# What did I do wrong

1. Jun 8, 2006

### Dragonfall

Suppose (xn) is a bounded sequence that does not converge. Show that (xn) has at least two subsequences that converge to different limits.

By the Bolzano-Weierstrass theorem there exists a subsequence of (xn) that converges. Delete that subsequence from (xn) and form a new sequence (xn1) with the remaining terms. (xn1) is bounded and hence has a convergent subsequence. If that subsequence converges to a different limit then we are done. If it does not, delete that subsequence from (xn1) and form a new sequence (xn2) with the remaining terms; ad infinitum. My argument is that not all of those subsequences can converge to the same limit, because the main sequence (xn) is not convergent.

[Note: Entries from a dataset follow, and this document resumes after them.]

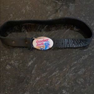Vintage decoupage “Cracker Jack” belt buckle with leather size 25 belt. (Buckle has slit chip in the glue ~ purchased this way ‘cause I’m a Cracker Jack lover and it was the only one available)
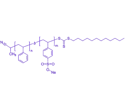 PS-b-PSSNa是一种以“聚苯乙烯(PS)-化学键连接-聚苯乙烯磺酸钠(PSSNa)”为线性两嵌段核心结构的功能材料,具备优水溶性、离子交换能力、可控成膜性及静电稳定特性,在日化添加剂、水处理剂、导电材料及离子交换膜领域具有关键应用价值。其分子设计通过疏水刚性PS链段与强离子性PSSNa链段的协同作用,实现结构稳定性与界面调控功能,同时可通过链段比例调控自组装行为,适用于多类离子调控与分散稳定场景。 疏水刚性的PS链段(玻璃化温度约105℃)为材料提供结构稳定性与机械强度,其苯环可通过疏水作用锚定在粉体表面或形成胶束核,有效提升材料在分散体系中的界面结合力。含磺酸钠基(-SO₃Na)的PSSNa链段(玻璃化温度约210℃)具有强离子性与亲水性,磺酸钠基可完全电离,在水溶液中形成密集负电层,通过静电斥力实现颗粒分散或胶体稳定。 因两嵌段热力学不相容性,PS-b-PSSNa在水溶液中可自组装形成核-壳胶束结构,其中PS为疏水核、PSSNa为亲水壳,胶束粒径可通过PS/PSSNa链段比(通常n:m=1:2至1:5)调控在80-250nm范围。材料分子化学稳定性优异,在pH 3-11范围内无降解,经GPC检测分子量分布系数(PDI)可控制在1.2-1.6的窄分布范围,为其在离子交换、分散稳定等应用场景中的可靠性提供保障。
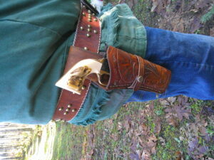 Getting a holster for a Colt-style Navy or Army revolver is rather easy. Any holster for the Colt Single Action Army with an appropriate barrel length will fit. I like to carry my .36 Navy with the 5-inch barrel in a cross-draw holster. That keeps the gun handy but also out of the way in case I’m also carrying a rifle on the same trip down the trail.
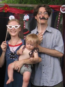 Not wanting to take any chances, I tried hard to set a scene where people just HAD to take pictures. One thing I did was make a “photo booth” backdrop using ribbons and strips of fabric. I hung banners that I had made with ribbon, cardstock, and my glue gun. I made mustache, eyeglasses, and other general Funny Face Photo Props using foam sheets and long wooden sticks from the craft store. This party would never have happened had it not been for my glue gun, I tell you. What a wonderful tool! Mine has a high and low heat setting, so I can work with a wide variety of materials.
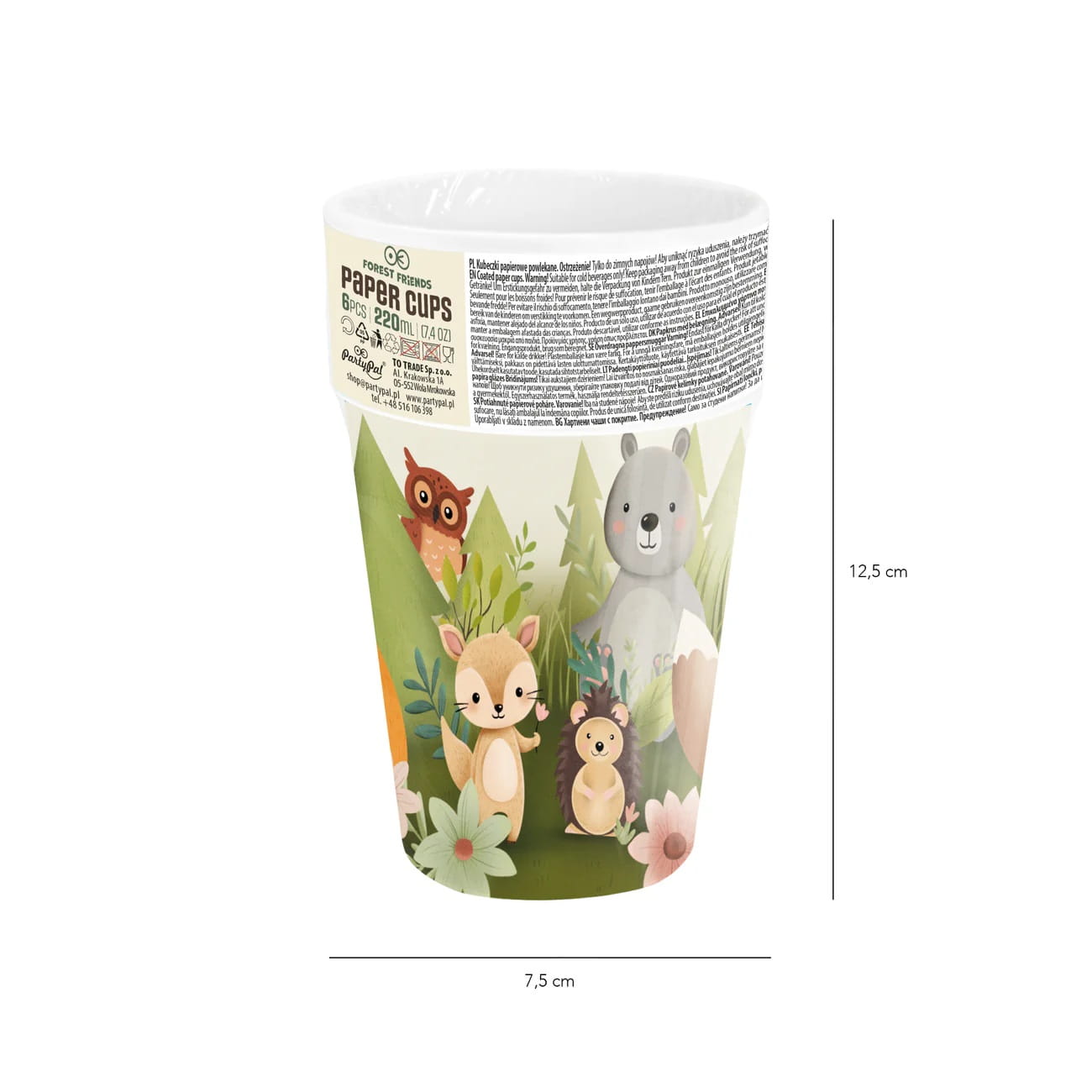 Kubeczki papierowe leśne zwierzątka 220 ml 6 szt
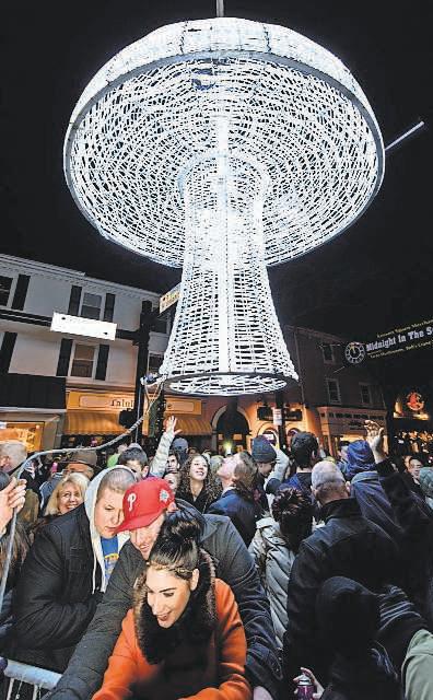 The lighted mushroom will be lowered at the stroke of midnight, ushering in the new year.
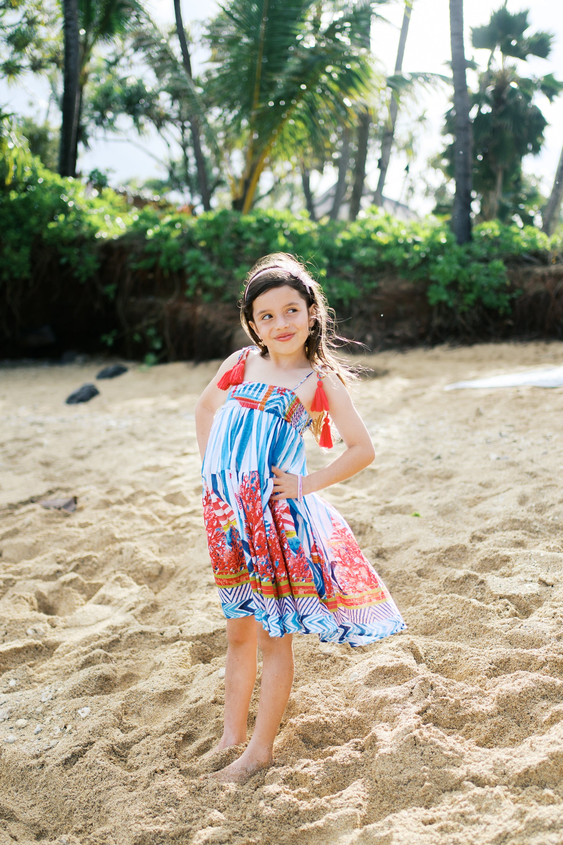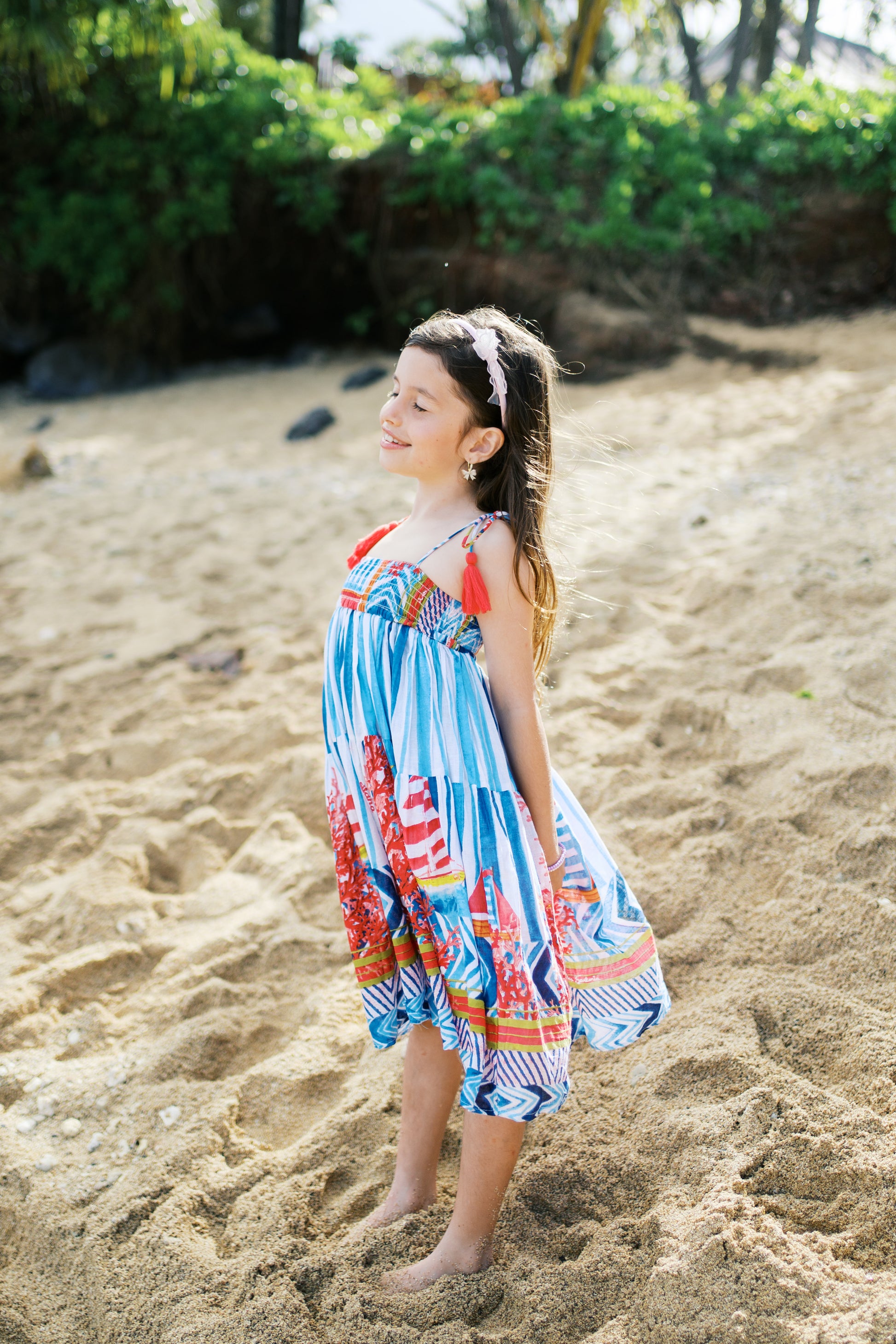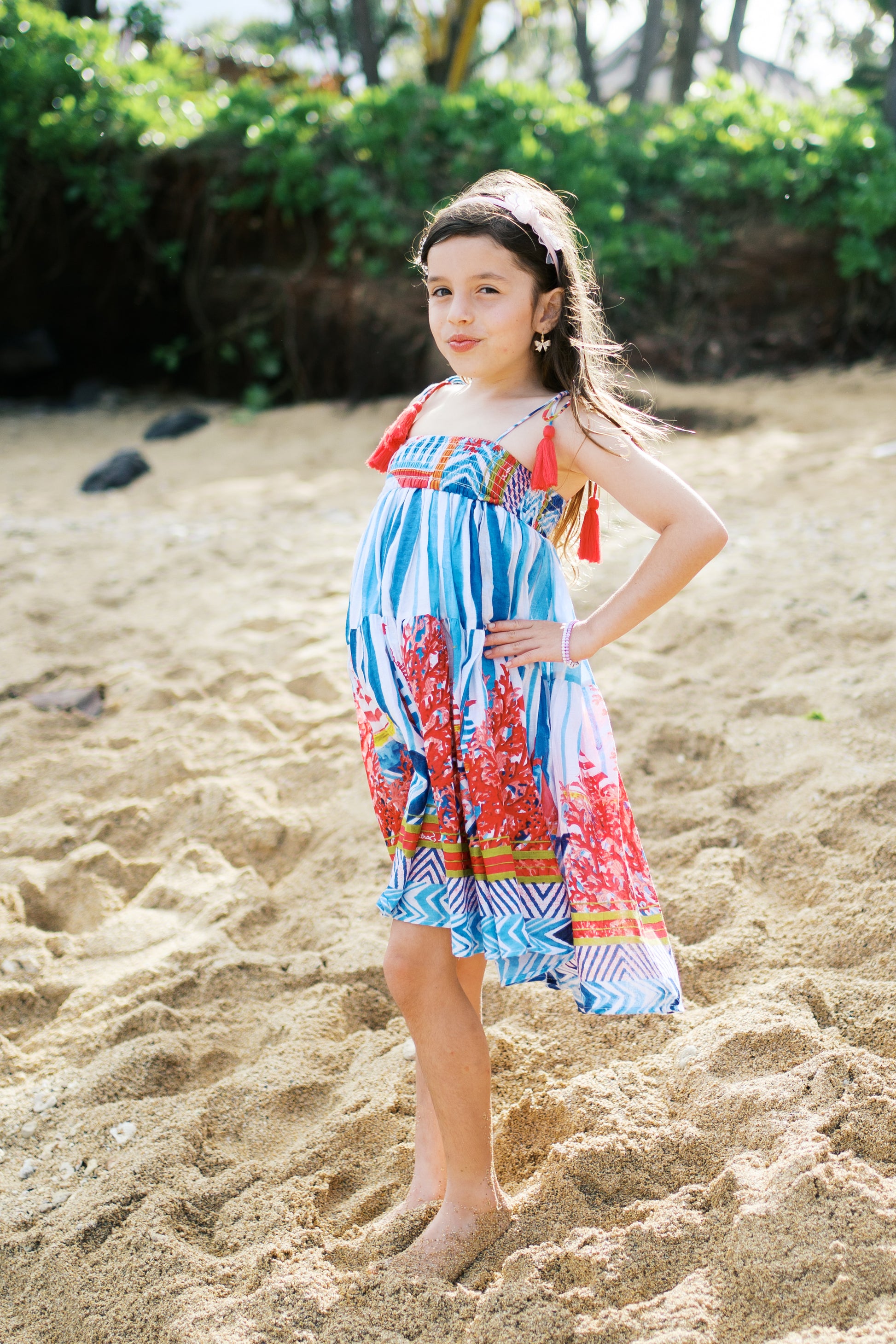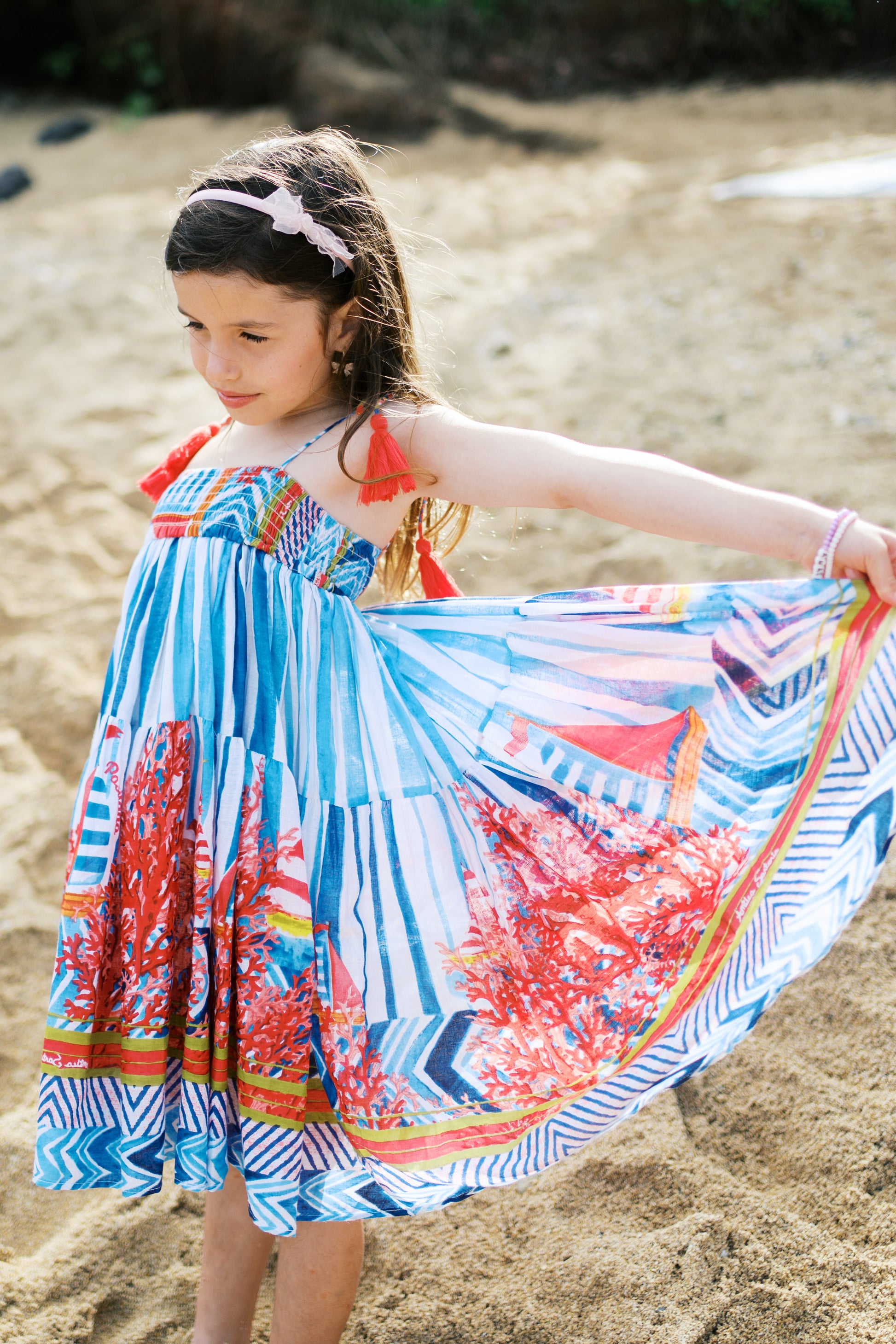 This playful and stylish little girl's dress. With adjustable thin straps and decorative tassels, this dress is perfect for summer days outdoors or walks along the seafront. Featuring marine motifs and references to Positano fashion, it's a must-have for fashion-forward little girls.

I dug up this problem while flipping through my old analysis book. What did I do wrong? I feel as though something is not right with this proof.

I found another proof:

There exists a convergent subsequence by B-W, converging to some number x. Since (xn) does not converge, it has a tail that is at least e>0 away from x. From that tail there exists another convergent subsequence which must be at least e away from x, hence there are two convergent subsequences.

Last edited: Jun 8, 2006
2. Jun 8, 2006

### matt grime

The problem is that you don't show that your algorithm ever terminates, indeed it might not: you might keep picking 'bad' subsequences. You would need to invoke some kind of axiom of choice argument to say that there is a maximal set of convergent subsequences converging to a given x.

The second proof is good though I'm not sure that I'd use the word 'tail', that sort of implies that all of the sequence after some point is e away from x. I'd say that there are infinitely many terms at least e away from x (or it'd converge), and these have a convergent subsequence.